• ASSIGNED TASK: Return each entry below exactly. Skip the images.

EXTRACTED DATA START

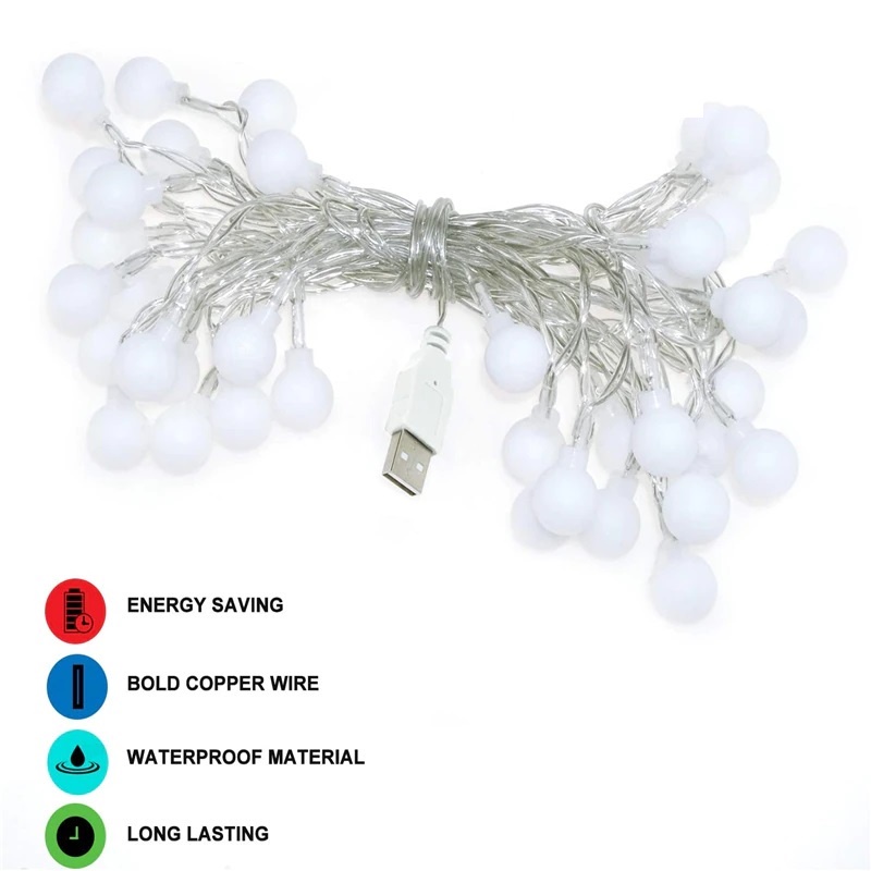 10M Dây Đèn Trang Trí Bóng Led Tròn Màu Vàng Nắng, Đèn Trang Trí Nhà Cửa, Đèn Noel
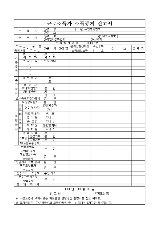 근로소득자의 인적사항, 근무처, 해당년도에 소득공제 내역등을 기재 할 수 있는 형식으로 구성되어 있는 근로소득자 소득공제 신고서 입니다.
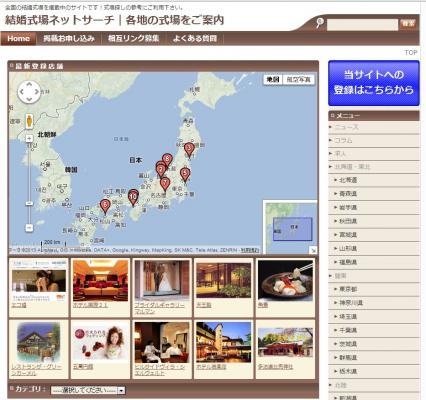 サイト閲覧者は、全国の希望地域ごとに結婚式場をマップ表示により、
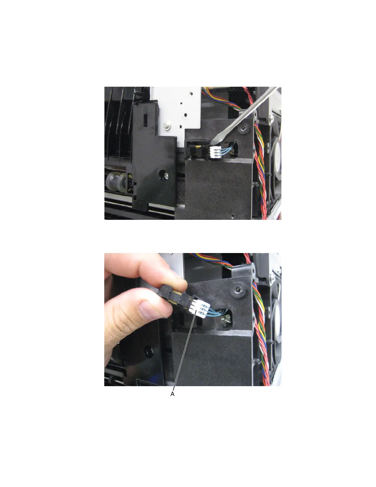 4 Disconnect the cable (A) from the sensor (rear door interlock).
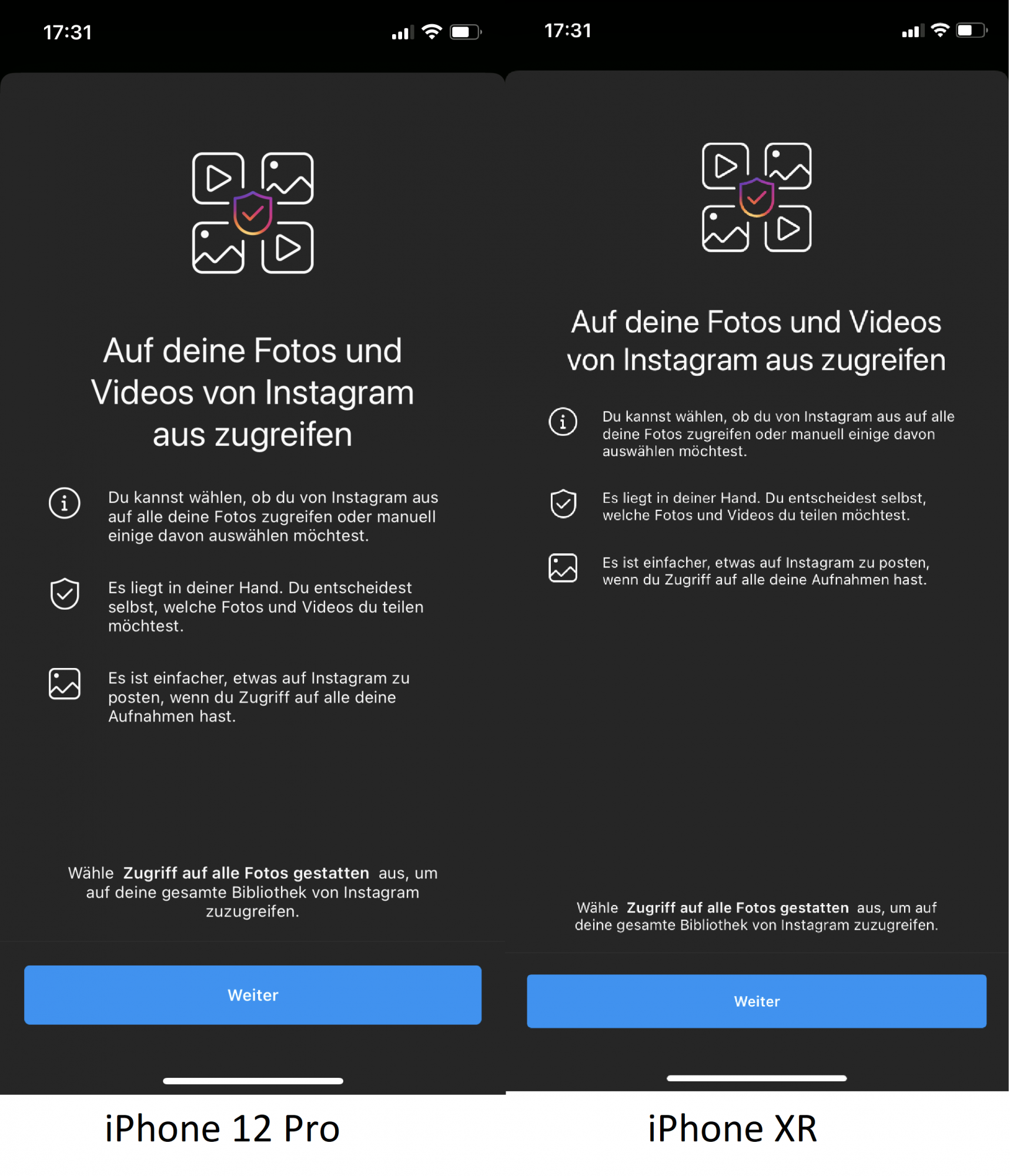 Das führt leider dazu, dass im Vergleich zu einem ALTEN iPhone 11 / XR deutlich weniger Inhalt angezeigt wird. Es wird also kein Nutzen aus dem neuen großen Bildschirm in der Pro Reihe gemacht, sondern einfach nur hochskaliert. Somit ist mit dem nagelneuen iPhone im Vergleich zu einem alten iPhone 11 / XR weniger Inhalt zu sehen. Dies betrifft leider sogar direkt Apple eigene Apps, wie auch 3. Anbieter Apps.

EXTRACTED DATA END

• EXPECTED ANSWER:
 10M Dây Đèn Trang Trí Bóng Led Tròn Màu Vàng Nắng, Đèn Trang Trí Nhà Cửa, Đèn Noel
 근로소득자의 인적사항, 근무처, 해당년도에 소득공제 내역등을 기재 할 수 있는 형식으로 구성되어 있는 근로소득자 소득공제 신고서 입니다.
 サイト閲覧者は、全国の希望地域ごとに結婚式場をマップ表示により、
 4 Disconnect the cable (A) from the sensor (rear door interlock).
 Das führt leider dazu, dass im Vergleich zu einem ALTEN iPhone 11 / XR deutlich weniger Inhalt angezeigt wird. Es wird also kein Nutzen aus dem neuen großen Bildschirm in der Pro Reihe gemacht, sondern einfach nur hochskaliert. Somit ist mit dem nagelneuen iPhone im Vergleich zu einem alten iPhone 11 / XR weniger Inhalt zu sehen. Dies betrifft leider sogar direkt Apple eigene Apps, wie auch 3. Anbieter Apps.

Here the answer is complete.